THE DATA section start
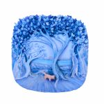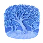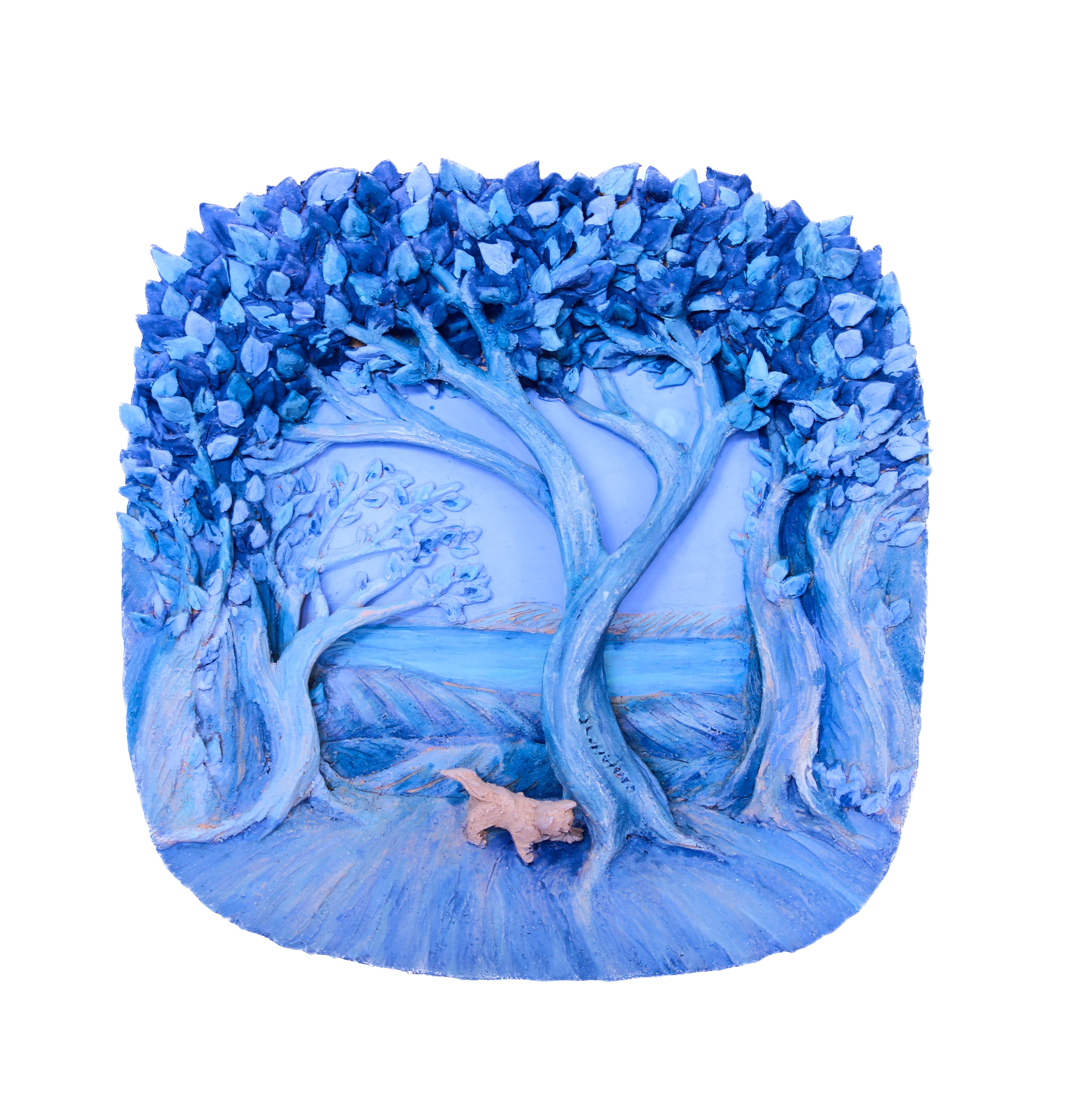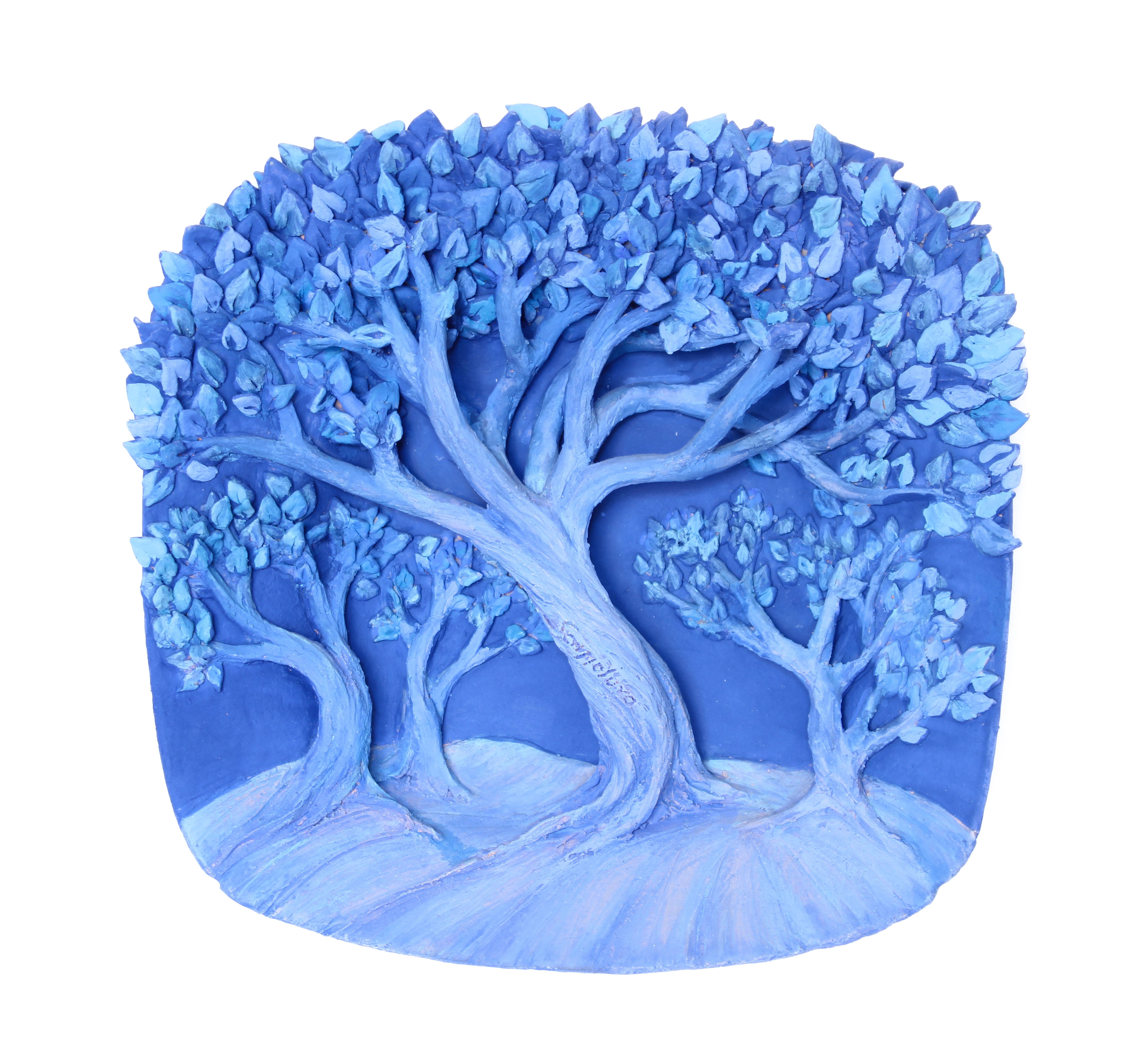 L’albero, tema ricorrente dell’artista che viene qui proposto in bassorilievo e a tutto tondo, ha grandi rami e foglie colorati d’azzurro per meglio confondersi con il cielo sereno.
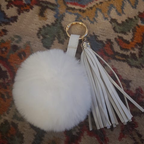 Musta tupsumainen laukkukoriste. Keskellä olevassa mustassa metalliosassa kohokirjoitus SAINT LAURENT PARIS. En usko, että on aito. Hienon ja trendikkään näköinen kuitenkin. Materiaali nahkaa tai tekonahkaa. Tupsuosan pituus noin 13 cm. Kokonaispituus noin 33 cm.
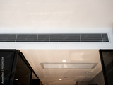 Wall-mounted air vent system inside a white clean modern hotel room, showing HVAC ductwork for indoor air circulation, cooling system design, and energy-efficient building ventilation.
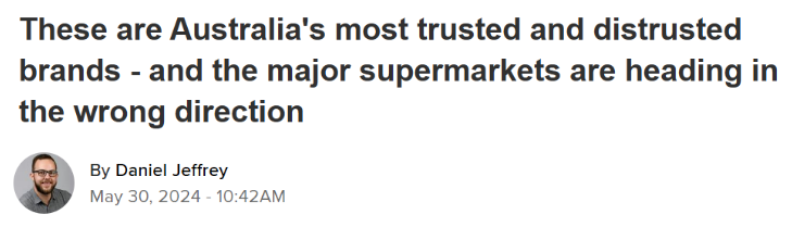 在这次排名中,Woolworths已经跌出“最受澳洲民众信任品牌”前十,排在第34名!而Coles则是暴跌了221位,成为“最不受信任品牌”第九名...
THE DATA section end
Find the line with "Wall-mounted air vent" in the listing and extract it and all lines after it through the end, exactly, without the pictures.

## EXERCISE OUTPUT
 Wall-mounted air vent system inside a white clean modern hotel room, showing HVAC ductwork for indoor air circulation, cooling system design, and energy-efficient building ventilation.
 在这次排名中,Woolworths已经跌出“最受澳洲民众信任品牌”前十,排在第34名!而Coles则是暴跌了221位,成为“最不受信任品牌”第九名...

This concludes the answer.